Low pass filter: cutoff and peak output

[joel amos]

Homework Statement

(a) If R₁ = 4.7kΩ, what value for C₁ will give a cutoff frequency of 50kHz?
(b) If the input voltage is described by the equation V_in = 3cos(2π(4000)t), what will the peak output voltage be?[/B]

Homework Equations

(a) f_c = 1/(2πRC)
(b) V_out/V_in = 1/√(1 + (2πfRC)²)

The Attempt at a Solution

(a) I rearranged the equation to C = 1/(2πf_cR). I got 71.2 pF but am uncertain.
(b) Not sure if this is the relevant equation. If it is, than I am uncertain how to get the frequency of the input voltage.

 

[milesyoung]

(a) I rearranged the equation to C = 1/(2πfcR). I got 71.2 pF but am uncertain.

The equation is fine, but you got the wrong number out of it. Can't tell you what went wrong if you don't show your calculation.

(b) Not sure if this is the relevant equation. If it is, than I am uncertain how to get the frequency of the input voltage.

Recall the general expression $A\cos(\omega t + \phi)$, where $A$, $\omega$, $\phi$ is the amplitude, angular frequency and phase, respectively, of the sinusoid.
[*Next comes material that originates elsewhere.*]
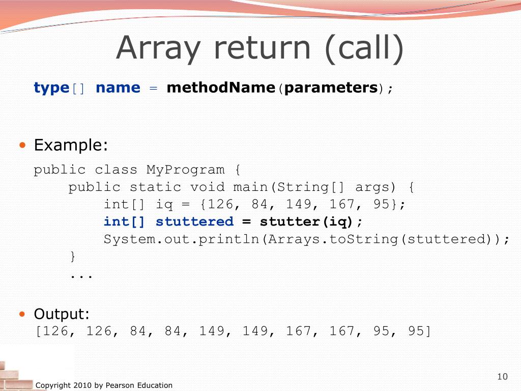 Array return (call) type[] name =methodName(parameters); Example: public class MyProgram { public static void main(String[] args) { int[] iq = {126, 84, 149, 167, 95}; int[] stuttered = stutter(iq); System.out.println(Arrays.toString(stuttered)); } ... Output: [126, 126, 84, 84, 149, 149, 167, 167, 95, 95]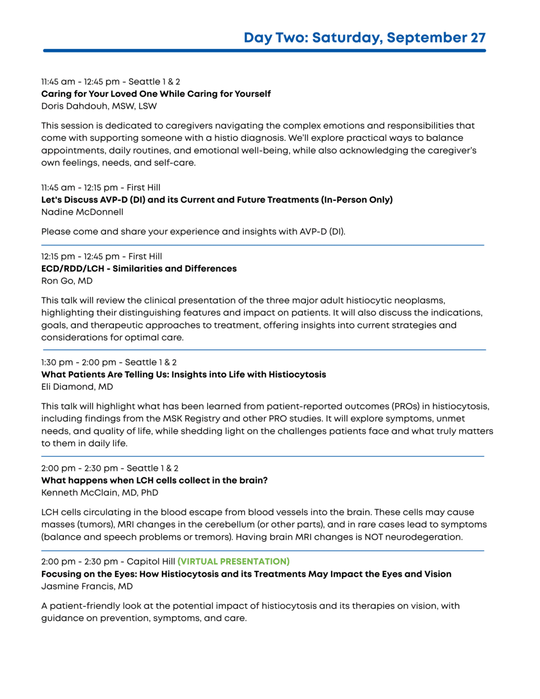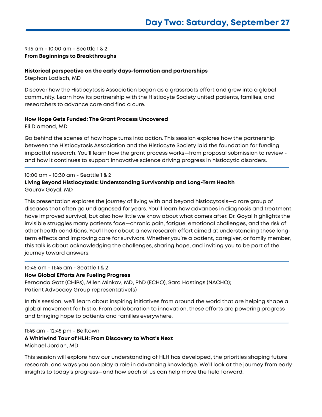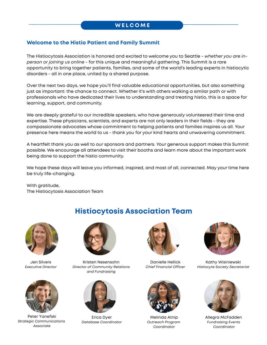 2025 Histiocytosis Patient and Family Summit Program Click on the first image below to click through the whole program. Or click here to download the pdf

Match that to what you're given.

After you've done that, think about what the purpose of a low-pass filter is and how it affects signals below and above its cut-off frequency.

 

[joel amos]

(a) I rechecked my work and got 677.3 pF
(b) So if without the low pass filter the peak voltage would be 3V. Would the frequency be 2π4000 = 25132.7? What about phase? If I'm assuming the values from part (a), then wouldn't the output voltage match the input voltage as 25.1 kHz < 50kHz and this is a low pass filter? If this is wrong and the frequency is really higher than the cutoff, I know that output lessens as frequency increases, but I'm not sure of the equation that would give me the voltage output.

 

[milesyoung]

(a) I rechecked my work and got 677.3 pF

Great.

Would the frequency be 2π4000 = 25132.7?

You have ω = 2π4000 rad/s, which is the angular frequency. What is the relationship between frequency and angular frequency?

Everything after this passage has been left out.